> [Problem requirements]:
Copy out exactly, from the entries that follow, the line holding "黑龍江經(jīng)濟(jì", the line holding "According to Arizton's", and all lines between them, but no pictures.

> [Listed records]:
Content starts
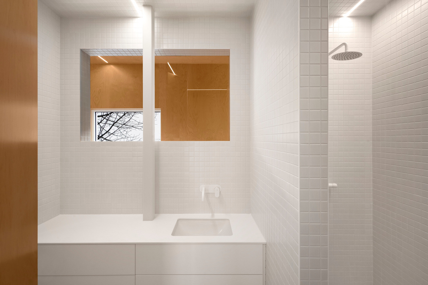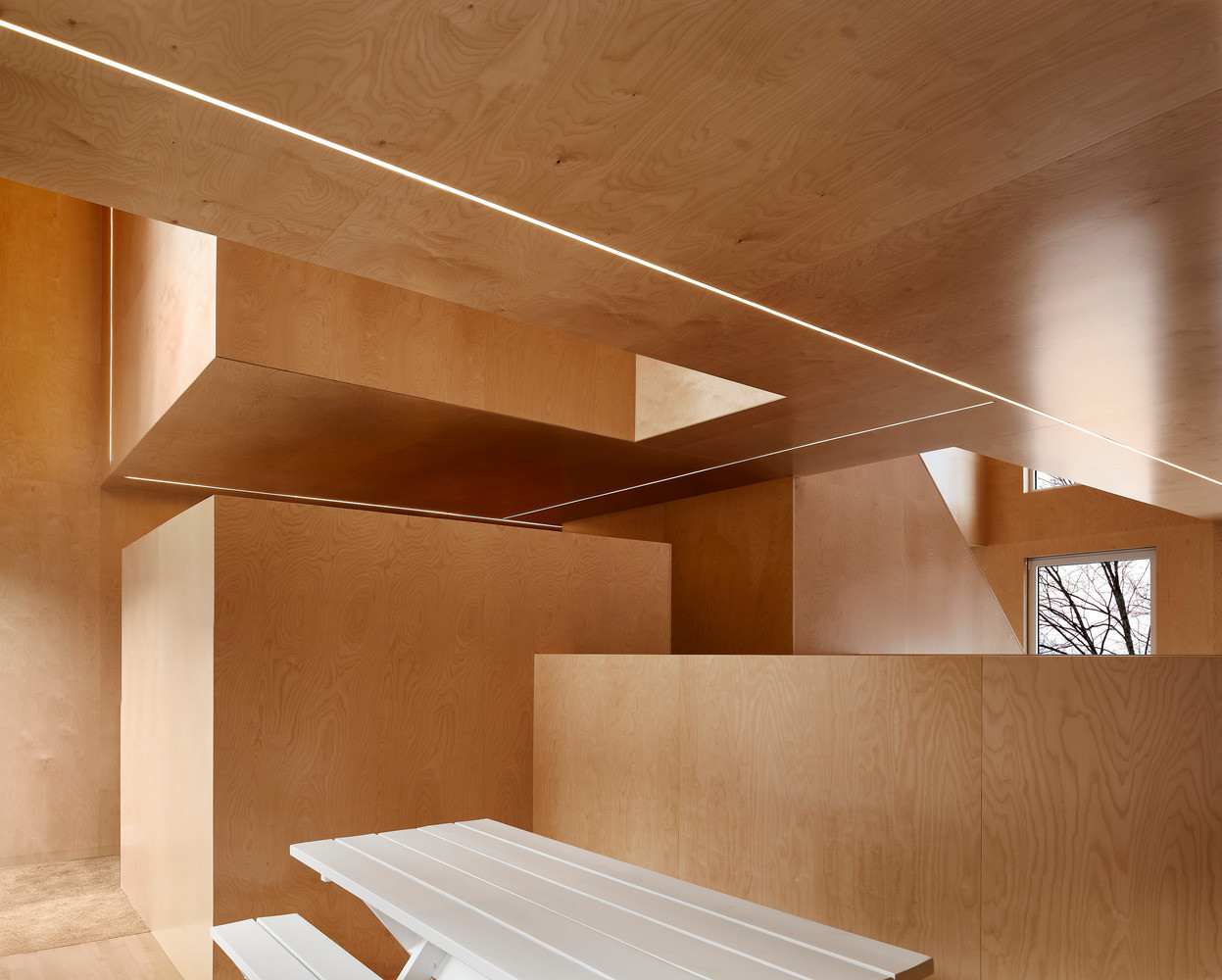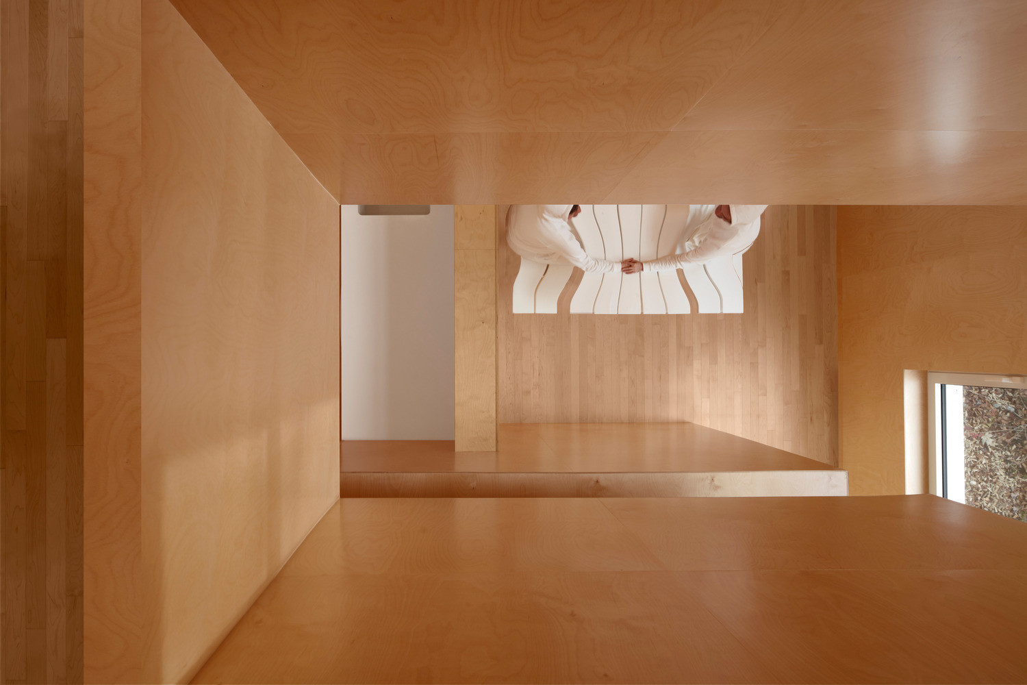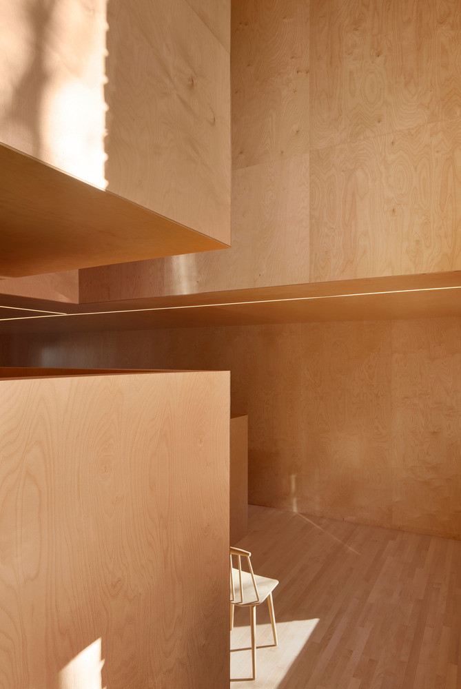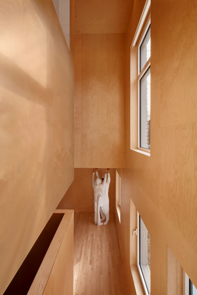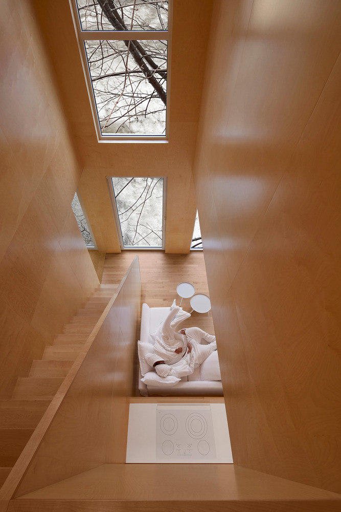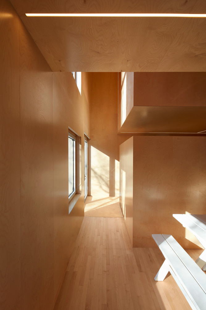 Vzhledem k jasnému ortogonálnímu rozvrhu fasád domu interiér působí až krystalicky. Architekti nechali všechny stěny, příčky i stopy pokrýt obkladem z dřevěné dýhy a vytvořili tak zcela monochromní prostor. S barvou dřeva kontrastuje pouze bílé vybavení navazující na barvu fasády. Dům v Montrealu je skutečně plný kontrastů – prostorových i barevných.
Content ends
Content starts
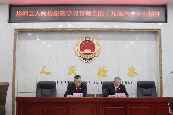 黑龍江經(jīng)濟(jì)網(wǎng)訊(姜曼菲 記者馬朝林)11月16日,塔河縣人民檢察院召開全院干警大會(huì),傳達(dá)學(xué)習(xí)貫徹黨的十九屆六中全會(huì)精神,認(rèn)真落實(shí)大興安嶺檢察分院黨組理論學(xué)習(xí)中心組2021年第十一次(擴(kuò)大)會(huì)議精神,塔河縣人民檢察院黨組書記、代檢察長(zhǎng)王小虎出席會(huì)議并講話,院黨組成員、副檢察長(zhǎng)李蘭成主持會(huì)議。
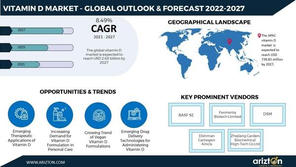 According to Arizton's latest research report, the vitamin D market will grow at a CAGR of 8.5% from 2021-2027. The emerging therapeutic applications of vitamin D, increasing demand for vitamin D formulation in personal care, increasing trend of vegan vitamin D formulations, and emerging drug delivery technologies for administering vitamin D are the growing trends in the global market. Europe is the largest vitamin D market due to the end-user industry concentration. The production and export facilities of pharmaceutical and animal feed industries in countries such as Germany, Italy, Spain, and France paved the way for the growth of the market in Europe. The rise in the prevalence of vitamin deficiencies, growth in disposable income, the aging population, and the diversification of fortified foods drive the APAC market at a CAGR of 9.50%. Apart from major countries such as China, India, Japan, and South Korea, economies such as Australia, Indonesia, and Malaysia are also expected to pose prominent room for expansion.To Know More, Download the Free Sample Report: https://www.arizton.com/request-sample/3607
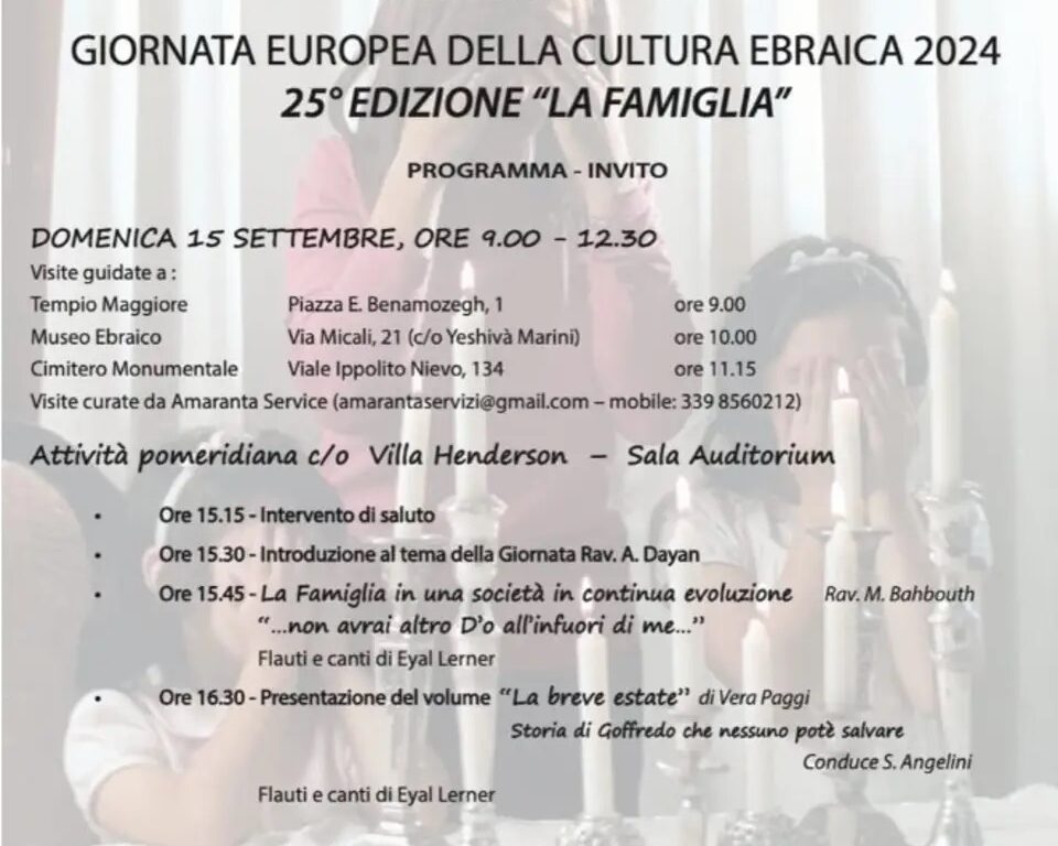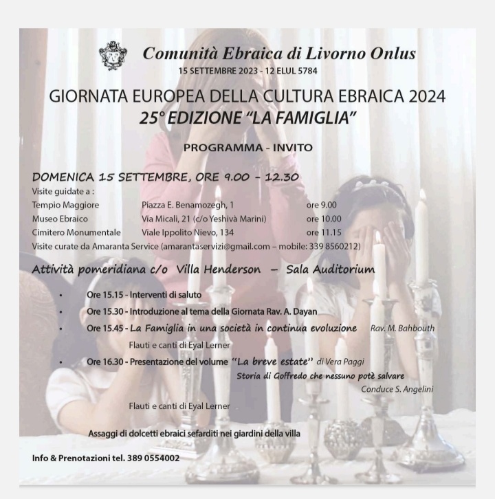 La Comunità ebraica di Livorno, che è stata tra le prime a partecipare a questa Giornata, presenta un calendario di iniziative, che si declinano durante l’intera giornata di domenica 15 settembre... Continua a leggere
Content ends
> [Result]:
 黑龍江經(jīng)濟(jì)網(wǎng)訊(姜曼菲 記者馬朝林)11月16日,塔河縣人民檢察院召開全院干警大會(huì),傳達(dá)學(xué)習(xí)貫徹黨的十九屆六中全會(huì)精神,認(rèn)真落實(shí)大興安嶺檢察分院黨組理論學(xué)習(xí)中心組2021年第十一次(擴(kuò)大)會(huì)議精神,塔河縣人民檢察院黨組書記、代檢察長(zhǎng)王小虎出席會(huì)議并講話,院黨組成員、副檢察長(zhǎng)李蘭成主持會(huì)議。
 According to Arizton's latest research report, the vitamin D market will grow at a CAGR of 8.5% from 2021-2027. The emerging therapeutic applications of vitamin D, increasing demand for vitamin D formulation in personal care, increasing trend of vegan vitamin D formulations, and emerging drug delivery technologies for administering vitamin D are the growing trends in the global market. Europe is the largest vitamin D market due to the end-user industry concentration. The production and export facilities of pharmaceutical and animal feed industries in countries such as Germany, Italy, Spain, and France paved the way for the growth of the market in Europe. The rise in the prevalence of vitamin deficiencies, growth in disposable income, the aging population, and the diversification of fortified foods drive the APAC market at a CAGR of 9.50%. Apart from major countries such as China, India, Japan, and South Korea, economies such as Australia, Indonesia, and Malaysia are also expected to pose prominent room for expansion.To Know More, Download the Free Sample Report: https://www.arizton.com/request-sample/3607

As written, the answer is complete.